Liu Zelong, Zhou Xin, Zhou Tao, Chen Yuanyuan
College of Computer Science, Sichuan University, Chengdu 610000, China.
School of Automation Engineering, University of Electronic Science and Technology of China, Chengdu 610054, China.
Sensors (Basel). 2023 Sep 29;23(19):8177. doi: 10.3390/s23198177.
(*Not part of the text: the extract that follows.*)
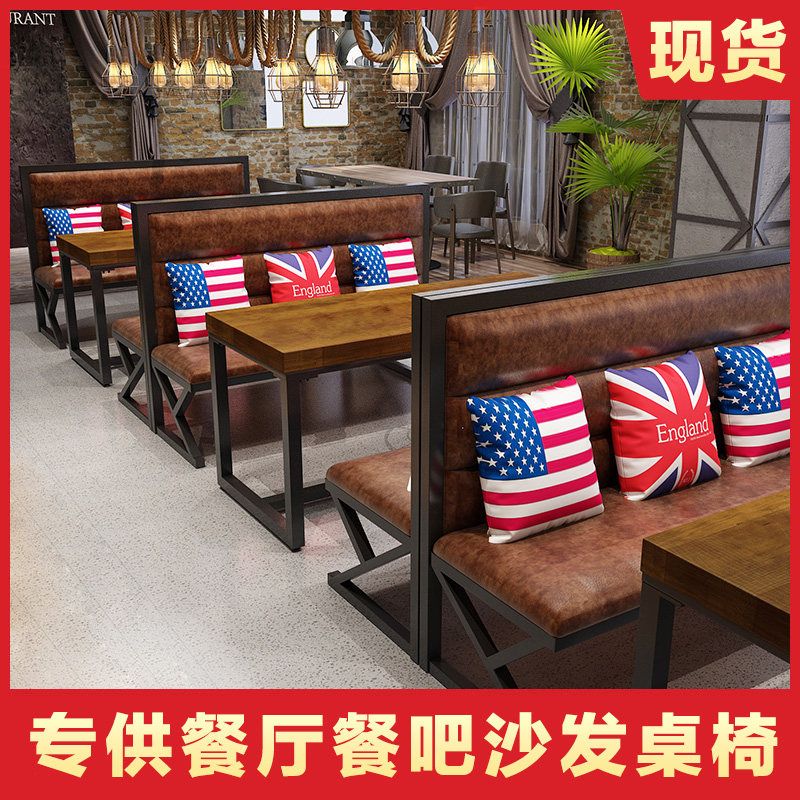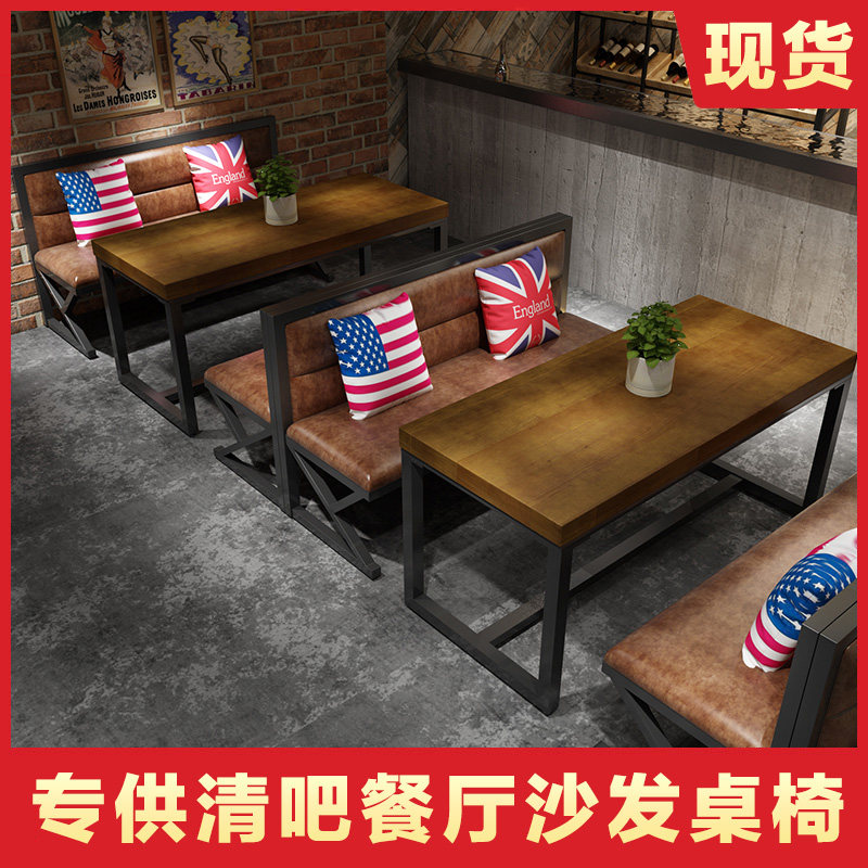 Retro Industrial Wind Dining Hall Cassette Sofa Commercial Barbecue Table Cafe Bar Music Clear Table and chairs

Estimating object counts within a single image or video frame represents a challenging yet pivotal task in the field of computer vision. Its increasing significance arises from its versatile applications across various domains, including public safety and urban planning. Among the various object counting tasks, crowd counting is particularly notable for its critical role in social security and urban planning. However, intricate backgrounds in images often lead to misidentifications, wherein the complex background is mistaken as the foreground, thereby inflating forecasting errors. Additionally, the uneven distribution of crowd density within the foreground further exacerbates predictive errors of the network. This paper introduces a novel architecture with a three-branch structure aimed at synergistically incorporating hierarchical foreground information and global scale information into density map estimation, thereby achieving more precise counting results. Hierarchical foreground information guides the network to perform distinct operations on regions with varying densities, while global scale information evaluates the overall density level of the image and adjusts the model's global predictions accordingly. We also systematically investigate and compare three potential locations for integrating hierarchical foreground information into the density estimation network, ultimately determining the most effective placement.Through extensive comparative experiments across three datasets, we demonstrate the superior performance of our proposed method.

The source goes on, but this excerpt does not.